Work request
Find the line containing "- Make sure" in the records below. Copy exactly that line and each one after it, ending at the line containing "東 特別補充券 ム国道から", and nothing more.
[Opening Source data section]
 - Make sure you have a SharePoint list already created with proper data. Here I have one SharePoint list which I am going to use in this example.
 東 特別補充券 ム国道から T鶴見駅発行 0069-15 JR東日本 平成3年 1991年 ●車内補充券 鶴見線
[Closing Source data section]
[Opening Source data section]
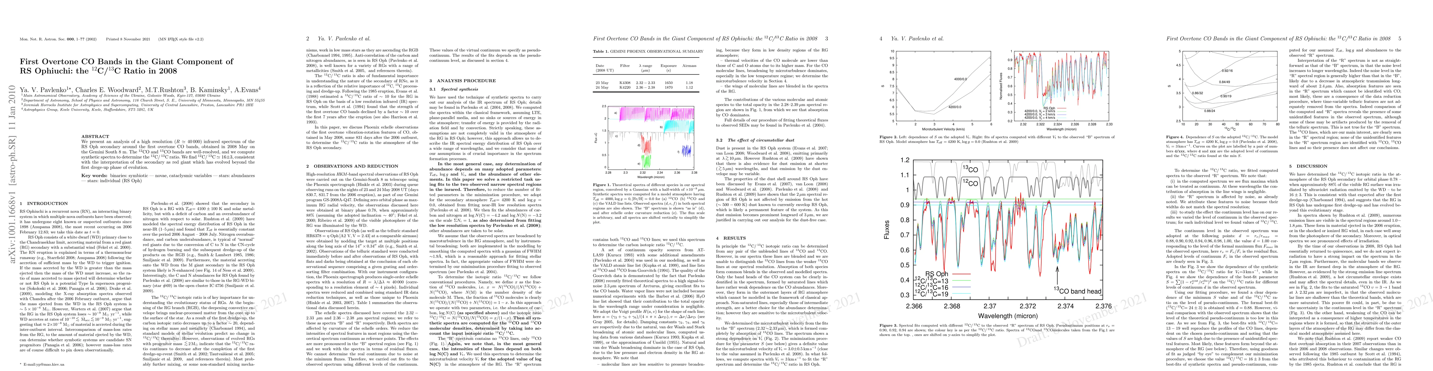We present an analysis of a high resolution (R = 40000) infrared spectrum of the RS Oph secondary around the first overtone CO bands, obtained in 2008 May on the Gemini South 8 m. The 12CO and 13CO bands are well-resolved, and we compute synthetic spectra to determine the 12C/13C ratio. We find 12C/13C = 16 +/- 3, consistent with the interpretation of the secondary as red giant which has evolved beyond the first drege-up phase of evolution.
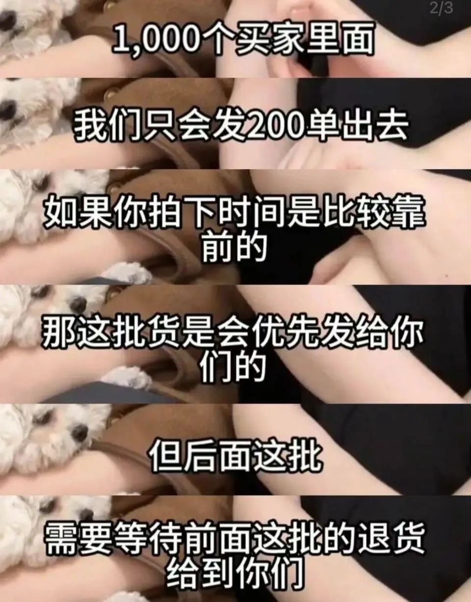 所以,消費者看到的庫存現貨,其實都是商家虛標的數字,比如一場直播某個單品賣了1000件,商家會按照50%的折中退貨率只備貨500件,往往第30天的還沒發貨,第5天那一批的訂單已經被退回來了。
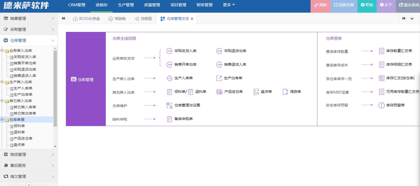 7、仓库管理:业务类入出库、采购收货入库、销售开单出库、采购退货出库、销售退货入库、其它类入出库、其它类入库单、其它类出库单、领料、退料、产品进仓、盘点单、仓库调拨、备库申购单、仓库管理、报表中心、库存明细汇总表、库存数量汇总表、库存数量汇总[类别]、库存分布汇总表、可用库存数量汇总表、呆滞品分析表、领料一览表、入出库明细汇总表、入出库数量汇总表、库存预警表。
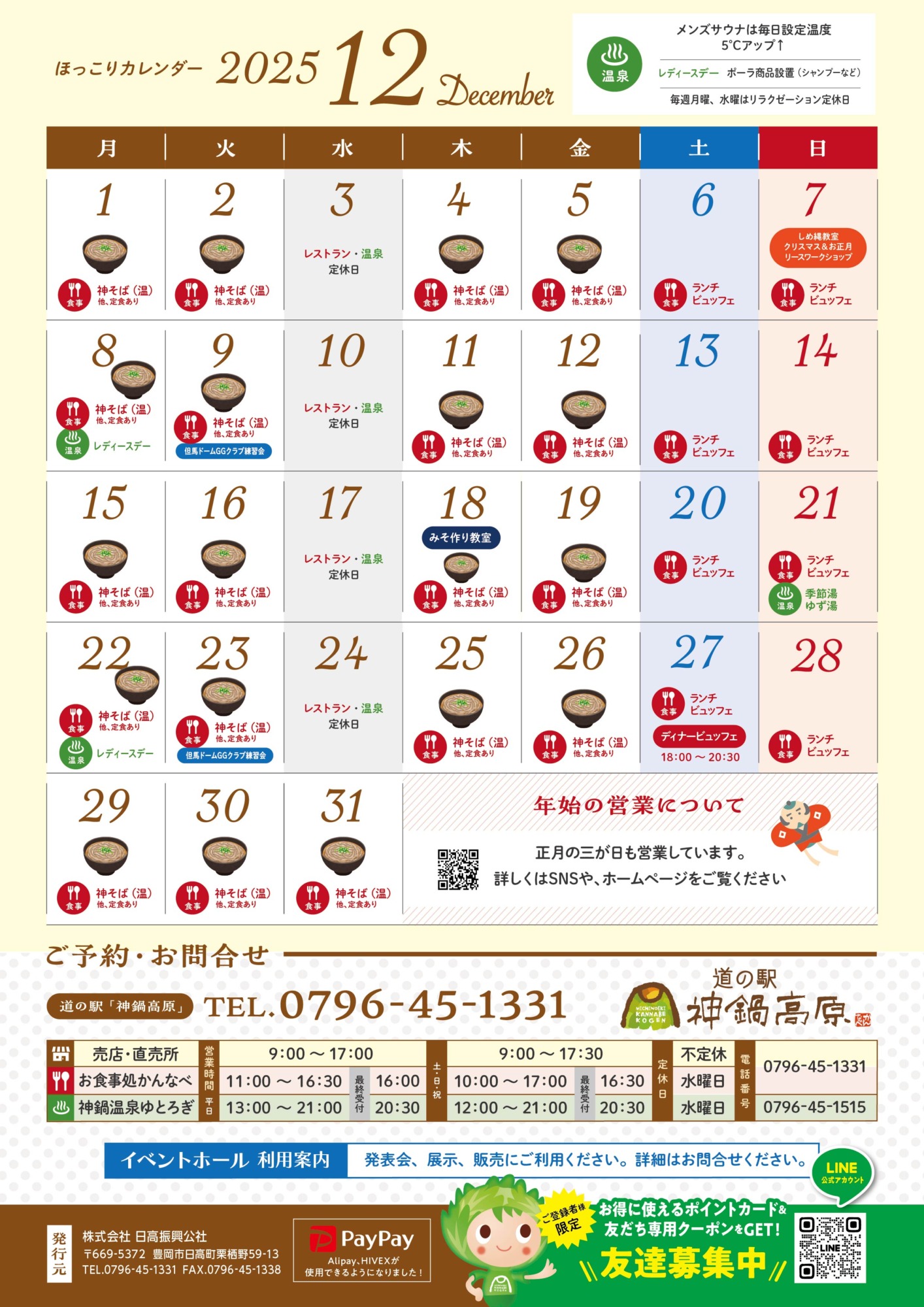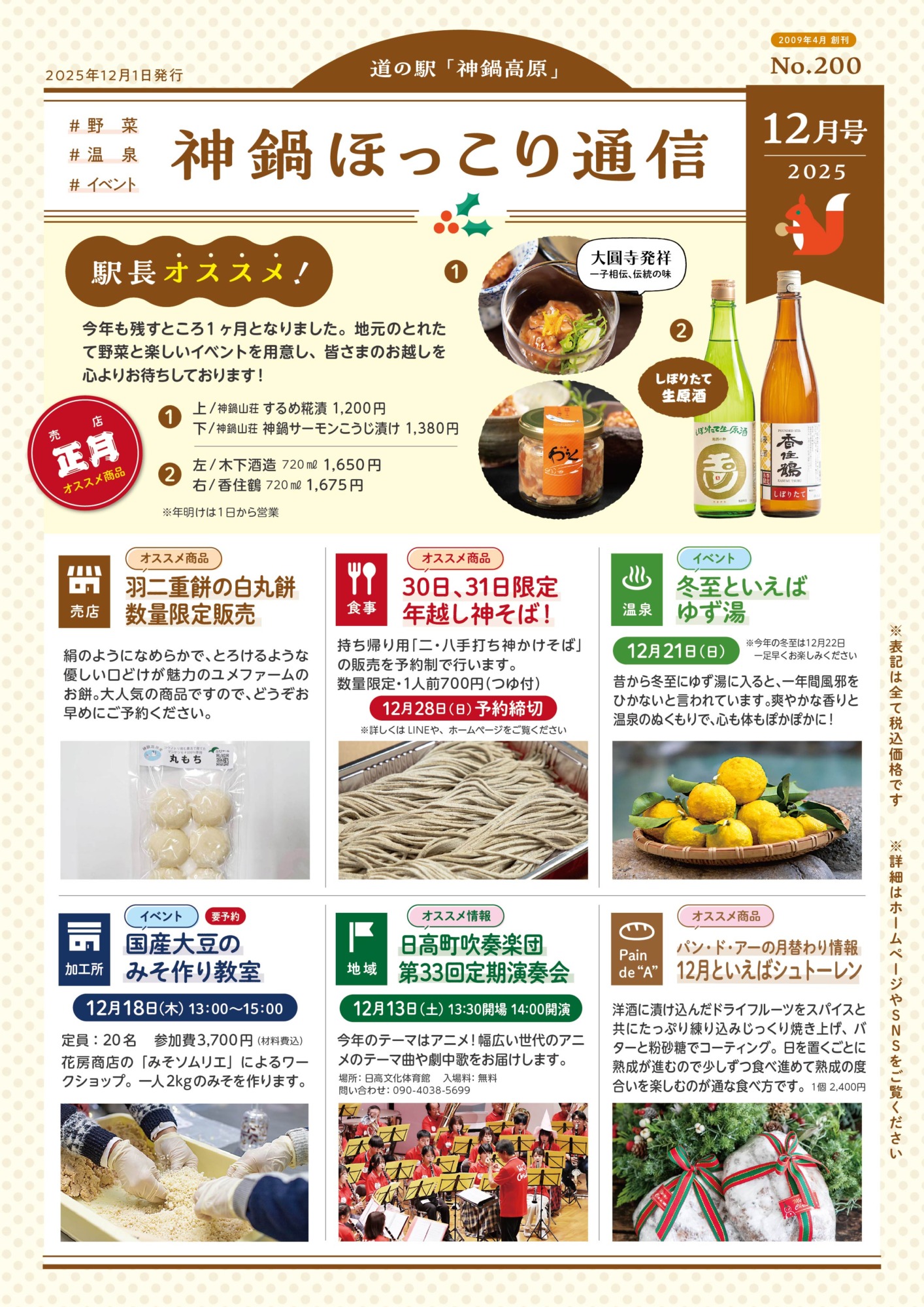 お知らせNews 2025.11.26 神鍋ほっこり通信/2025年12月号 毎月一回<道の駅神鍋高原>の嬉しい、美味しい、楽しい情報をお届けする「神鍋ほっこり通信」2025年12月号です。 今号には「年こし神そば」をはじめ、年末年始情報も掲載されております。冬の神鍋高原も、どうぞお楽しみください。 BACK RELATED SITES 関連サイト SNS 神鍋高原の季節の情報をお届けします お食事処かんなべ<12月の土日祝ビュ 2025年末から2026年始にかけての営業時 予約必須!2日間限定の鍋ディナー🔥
[Closing Source data section]
[Opening Source data section]
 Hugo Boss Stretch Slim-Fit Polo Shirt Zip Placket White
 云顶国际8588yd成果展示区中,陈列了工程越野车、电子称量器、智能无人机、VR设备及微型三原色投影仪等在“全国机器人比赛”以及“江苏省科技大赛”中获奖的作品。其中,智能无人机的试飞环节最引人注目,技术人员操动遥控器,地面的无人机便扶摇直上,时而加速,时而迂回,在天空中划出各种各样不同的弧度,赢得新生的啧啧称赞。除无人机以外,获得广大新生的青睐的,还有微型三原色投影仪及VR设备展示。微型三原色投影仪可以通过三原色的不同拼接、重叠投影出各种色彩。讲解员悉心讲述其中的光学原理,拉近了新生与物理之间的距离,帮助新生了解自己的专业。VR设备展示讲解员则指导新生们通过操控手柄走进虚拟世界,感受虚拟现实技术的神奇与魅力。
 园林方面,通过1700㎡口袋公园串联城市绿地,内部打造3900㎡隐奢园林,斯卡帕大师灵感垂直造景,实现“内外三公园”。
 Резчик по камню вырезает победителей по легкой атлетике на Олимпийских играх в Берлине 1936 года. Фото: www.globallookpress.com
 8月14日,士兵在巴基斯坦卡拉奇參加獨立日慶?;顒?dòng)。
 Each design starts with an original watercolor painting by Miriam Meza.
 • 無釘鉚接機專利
[Closing Source data section]
Answer box
 - Make sure you have a SharePoint list already created with proper data. Here I have one SharePoint list which I am going to use in this example.
 東 特別補充券 ム国道から T鶴見駅発行 0069-15 JR東日本 平成3年 1991年 ●車内補充券 鶴見線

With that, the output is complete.